How different is the ‘you’ of now compared to the ‘you’ of 10 years ago?
Are you where you thought you’d be in life or on a completely different track? And how much do you think you’ll change over the next 10 years?
Research shows that if we feel our identity is similar to how we’ll be in the future, we’re better able to delay gratification, save money, and take care of our health. If we think we’ll change a lot in the future, we’re less likely to take those actions.
But do people who identify with their future selves actually do better once you talk to them again 10 years later? That’s what a group of researchers wanted to find out.
They used data from the National Survey of Midlife Development in the United States, which included interviews and self-reported questionnaires with thousands of people across the US.
Some of the questions asked them about their current behaviour and how they think they would change in 10 years – including for characteristics like their wisdom, care, energy, knowledge and sense of calm.

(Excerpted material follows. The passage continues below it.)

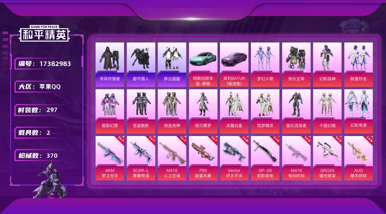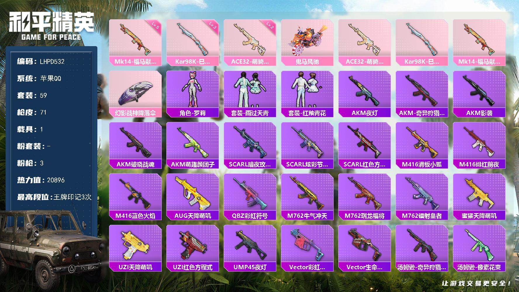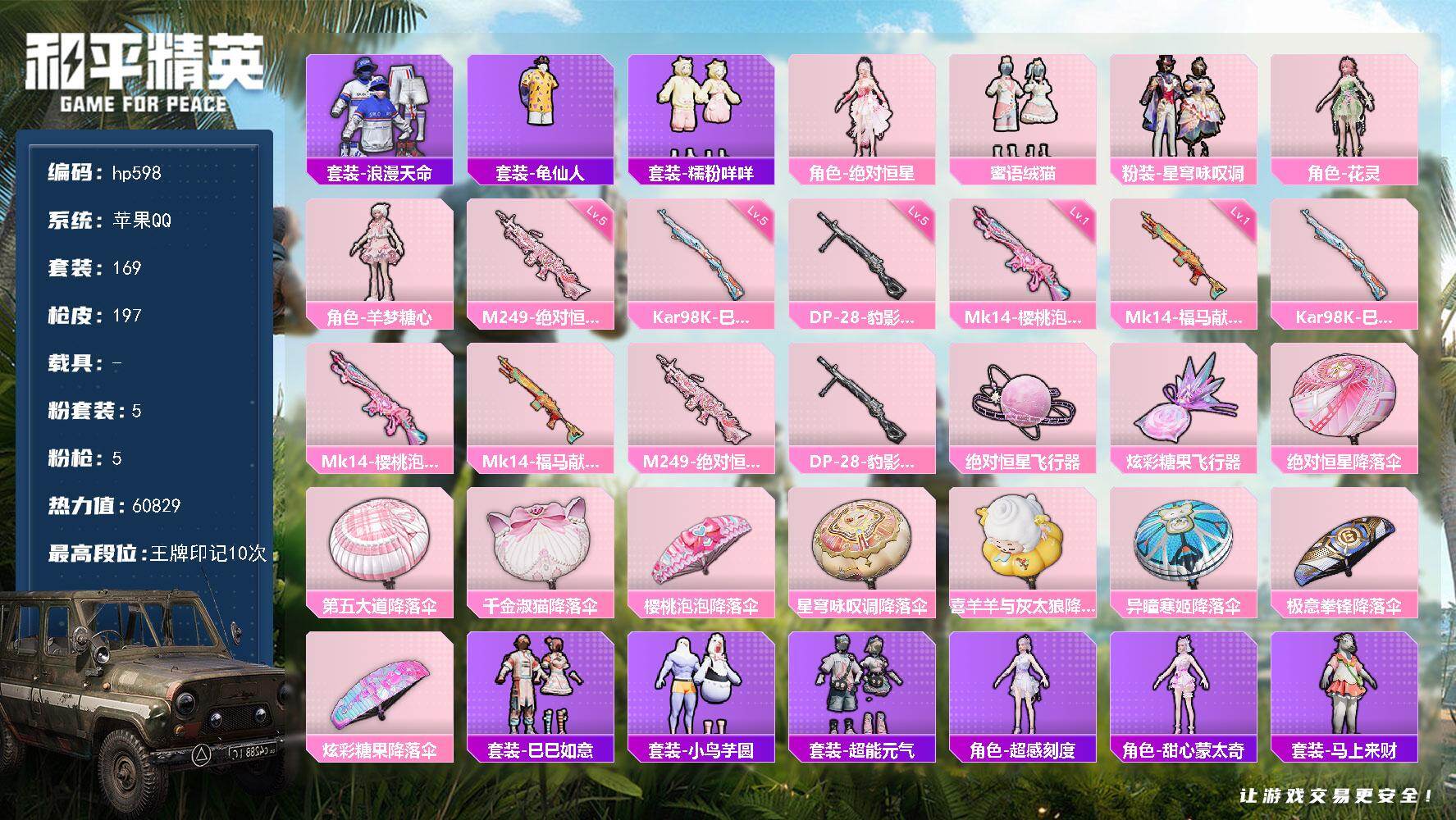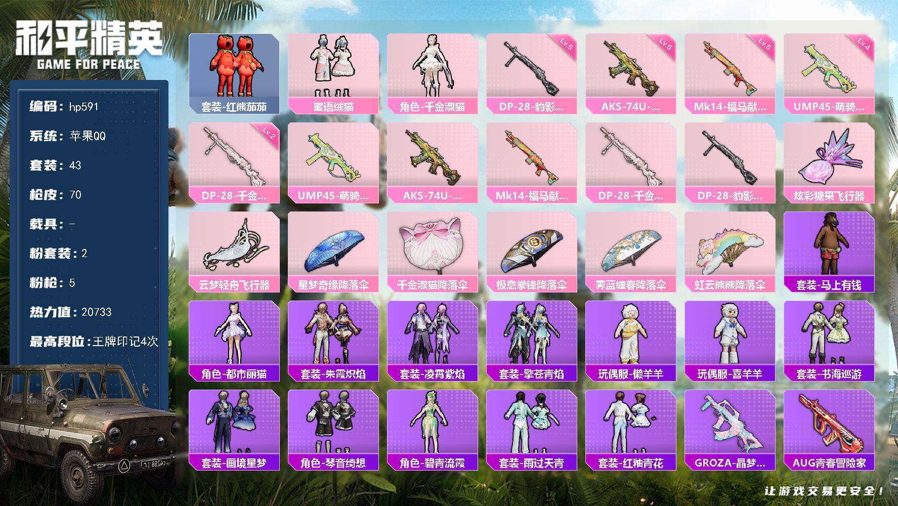 【店主推荐捡漏号!可直接换绑】苹果 手Q-0粉装-3特效枪-1载具-0粉色飞行

By measuring the difference in scores between the present and future, the researchers could get an idea of how much people thought they would change over the next 10 years. Then, they did the follow up with these people a decade on, looking at their ‘life satisfaction score’ as a measure of how well they were doing and answering those same questions about wisdom, knowledge and the like.
The researchers found there was a link between forecasting you will be similar in the future and being satisfied with your life down the track. That was the case even if you did end up changing quite a bit. What was important was believing that you’d be the same and that was independent of factors that might suggest stability and good fortune, like wealth and age.
Thinking of your future self, not just the near term, can encourage you to make changes that will positively affect your life in the future. But don’t worry about it too much – even if you do change a lot, as long as you broadly expect to identify with your future self, you’ll do well.